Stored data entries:
+ + + +

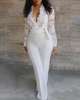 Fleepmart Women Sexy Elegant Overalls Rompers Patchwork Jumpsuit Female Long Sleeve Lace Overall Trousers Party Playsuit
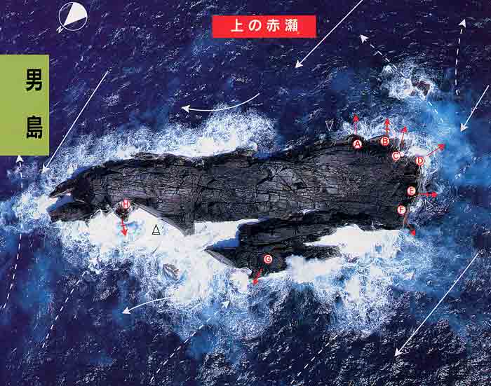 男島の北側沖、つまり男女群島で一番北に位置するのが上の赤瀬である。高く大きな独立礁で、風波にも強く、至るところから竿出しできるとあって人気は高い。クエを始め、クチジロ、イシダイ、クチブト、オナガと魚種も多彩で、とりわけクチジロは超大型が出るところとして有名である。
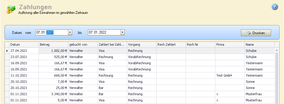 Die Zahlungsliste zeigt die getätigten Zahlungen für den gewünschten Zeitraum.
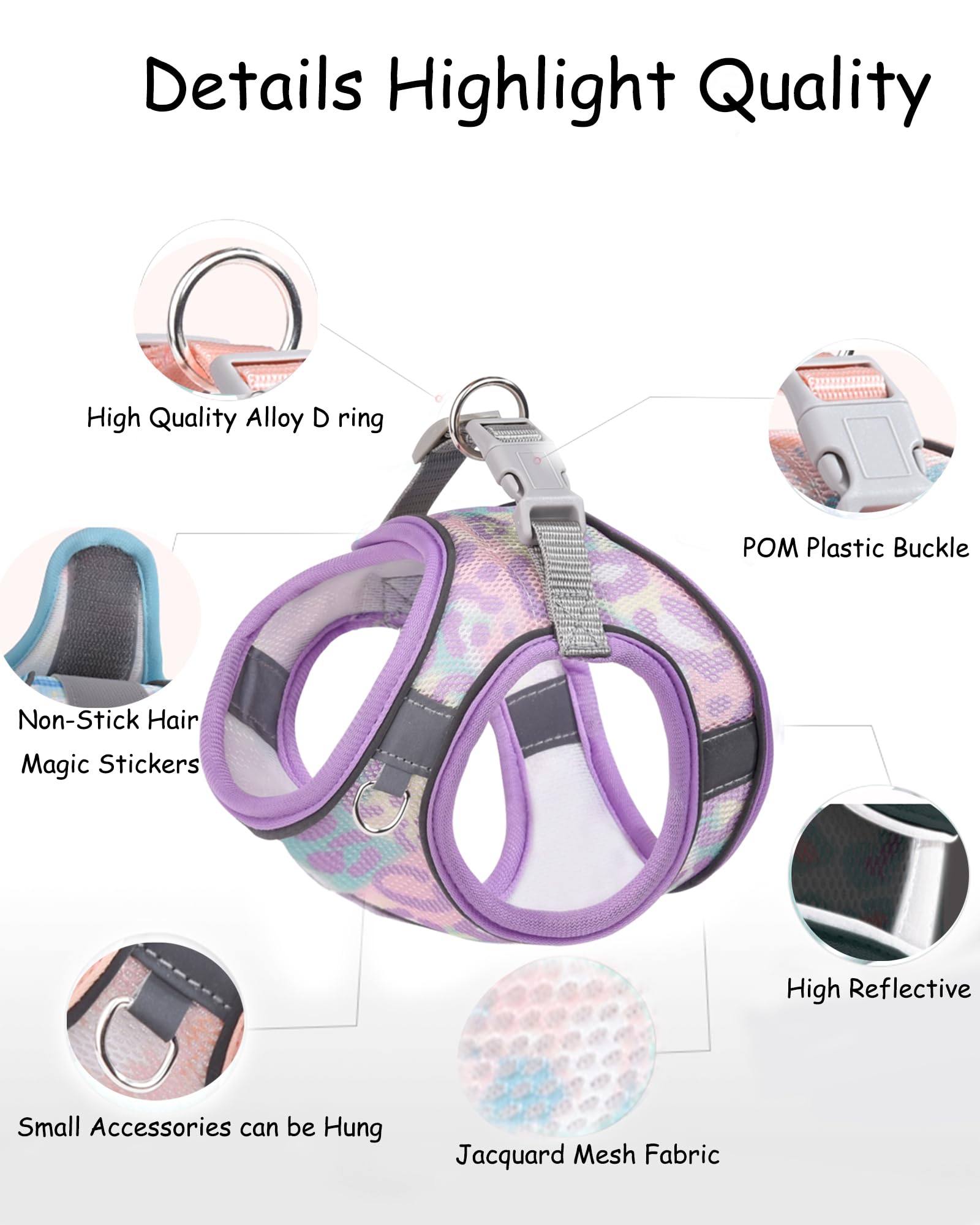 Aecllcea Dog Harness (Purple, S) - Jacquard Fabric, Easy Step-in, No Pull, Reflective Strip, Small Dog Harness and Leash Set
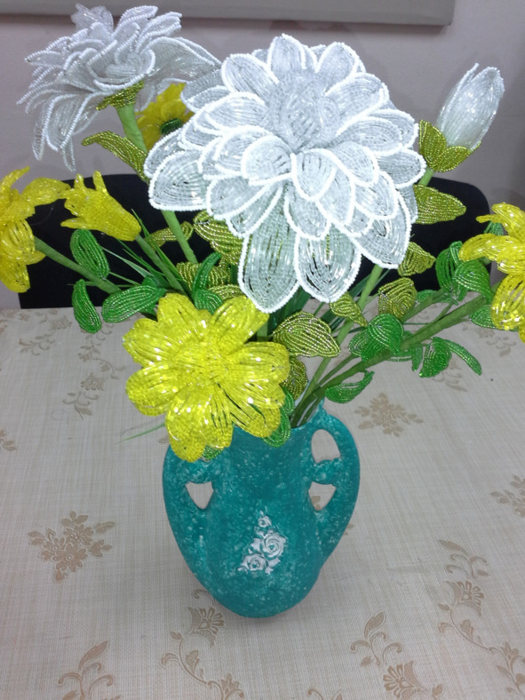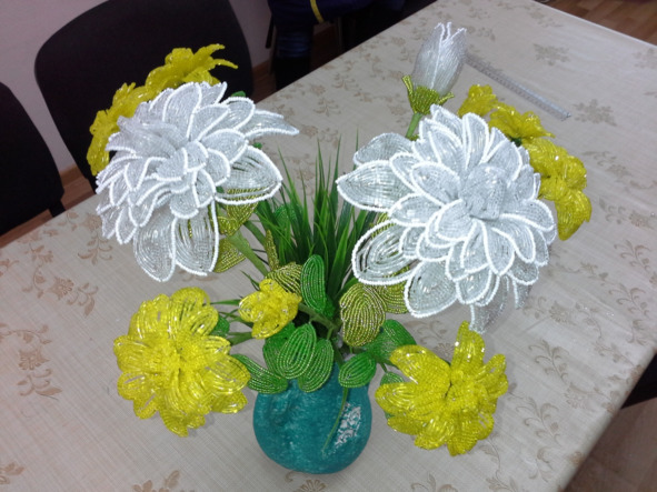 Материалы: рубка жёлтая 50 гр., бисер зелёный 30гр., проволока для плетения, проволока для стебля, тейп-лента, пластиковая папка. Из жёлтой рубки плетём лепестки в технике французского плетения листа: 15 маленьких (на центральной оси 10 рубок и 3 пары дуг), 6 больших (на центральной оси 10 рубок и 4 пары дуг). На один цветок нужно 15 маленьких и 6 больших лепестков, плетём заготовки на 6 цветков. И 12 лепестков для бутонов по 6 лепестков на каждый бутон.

+ + + +

» **Aim of the exercise**
Please return only the lines from the one holding "Die Zahlungsliste zeigt" through the end of the data, both ends included; do not copy any pictures.

» **Task response**
 Die Zahlungsliste zeigt die getätigten Zahlungen für den gewünschten Zeitraum.
 Aecllcea Dog Harness (Purple, S) - Jacquard Fabric, Easy Step-in, No Pull, Reflective Strip, Small Dog Harness and Leash Set
 Материалы: рубка жёлтая 50 гр., бисер зелёный 30гр., проволока для плетения, проволока для стебля, тейп-лента, пластиковая папка. Из жёлтой рубки плетём лепестки в технике французского плетения листа: 15 маленьких (на центральной оси 10 рубок и 3 пары дуг), 6 больших (на центральной оси 10 рубок и 4 пары дуг). На один цветок нужно 15 маленьких и 6 больших лепестков, плетём заготовки на 6 цветков. И 12 лепестков для бутонов по 6 лепестков на каждый бутон.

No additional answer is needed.